Sunday 26 May 2013

Need of the hour : Strong mobility in .NET based distributed applications.

Typically, distributed application written in .NET are either code distributed (assemblies moved across machines/nodes) or data distributed (data serialized across machines/nodes). What might additionally be required is strong mobility of process/thread/ TPL task/fiber etc. This effectively means serializing a task/thread with its execution context too. Once this is implemented, this means that a thread/method/delegate function would theoretically be executed across machines, with the context flowing across machines seamlessly and the final result getting back to the starting node.

Though custom framework could be written to emulate strong mobile process by building over the underlying OS provisions, it would require the following :

a.) serializable custom execution context store for each mobile process
b.) serializable data store store for all data - should be straightforward.
c.) serializable code that is independent, with minimal distributed locks and stateless as possible.

Point 1 requires the framework to have provision for events for each context switch and mechanism to indicate back to the local execution system not to proceed with the current execution object as it has been machine switched / context distributed.

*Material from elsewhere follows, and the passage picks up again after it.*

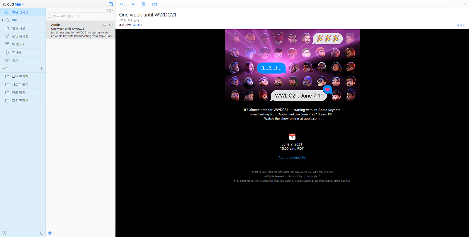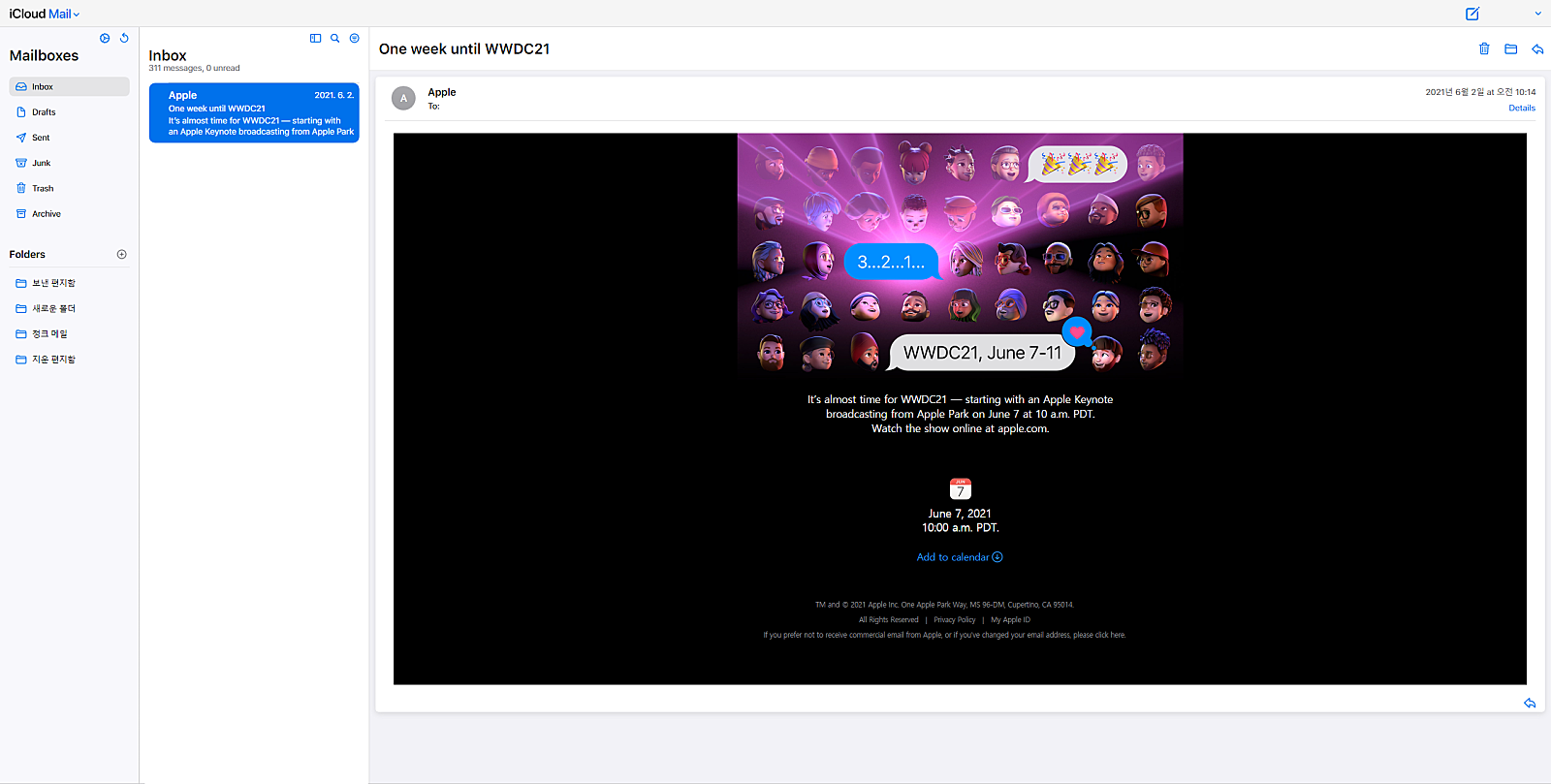 공식 iCloud 웹 사이트를 통해 기존과 동일한 UI의 Mail 앱을 사용할 수 있으며 Mail을 제외한 다른 iCloud 웹 앱은 아직까지 오래된 디자인을 유지하고 있습니다

All this requires very low level support for the execution runtime and maybe at an OS level too. Given the overall direction of distributed computing and the cloud, this becomes a necessity.

Saturday 25 May 2013

Message ReSequencing in a Distributed Publisher-Subscriber System

Message ReSequencing in a Distributed Publisher-Subscriber System

In a typical cloud based distributed environment with many message publishers and subscribers, the message could be processed by any of the subscriber and this is usually not predictable. In certain scenarios, it could be necessary to have a group of messages processed in sequence though they reached the subscribers randomly.
One solution to this is described below. The solutions tries to satisfy the following requirements :
1.) Make sure there is no tie-up / hard-link between subscribers and publishers: Any message can be received by any subscriber and any publisher can push any message.
2.) When the messages are not grouped, the system continues to behave as usual / before.
3.) When group messages are detected at subscriber, change in overall processing time should be minimal.
4.) When group message are detected at subscriber, no blocking operation should be performed and the subscriber should continue to be available for receiving and processing other messages.
Each group message is expected to contain the following items in addition to the message pay load itself :
            a.) Group Message ID.
            b.) Total Number of Messages in group
            c.) Group Message Sequence Number.
e.g.:-
            a.) GROUP_1
            b.) 4 //GROUP_1 contains 4 messages in total
            c.) 2 //this means that this message is 2nd in the group GROUP_1.
This solution employs subscribers working in a distributed cooperative manner. As a group message is received by a subscriber, it queries the distributed hash table to check if any other subscriber is working on the same group number. If yes, the message received is pushed onto that subscriber. (A push endpoint is expected to be available for each subscriber. This list of end points too could be maintained in the distributed hash table indicated earlier.) If there is no entry in the distributed hash table for this group, the subscriber adds itself into the distributed hash linking the message group id with itself.
GroupHash[GROUP_1] = SUBSCRIBER_ID
Additionally, the message received is added into a local data structure/bag of the receiving subscriber.
When a new message is received in the group_message_queue, the following steps are executed by the watcher@subscriber owning the bag.
            a.) check if all messages for the group has been received.
If all messages have been received, the messages are sorted based on the Group_Message_Sequence_Number and processed one after the other or as the logic demands for the group. Distributed hash entry is cleared for this group GroupHash[GROUP_1] = "" once the processing of message group is complete.
The data structure/bag maintained by the subscriber would be typically filled in the following scenarios :
            a.) message pushed from another subscriber.
            b.) message pushed by the local listener since no other subscriber is working on this group.
Partitioning within groups can be employed if required by employing the same strategy for sub-groups. In this case, it could be required by subscriber to wait for the sub-group messages to be processed before the proceeding with the group messages.
The system can be enhanced such that the subscribers internally check the load of active group message subscriber (as pointed by GroupHash) before pushing the message. This way, the subscriber that received the message can take over the ownership of group message voluntarily; especially if the message received was the last of the group message expected, requiring a message process flow.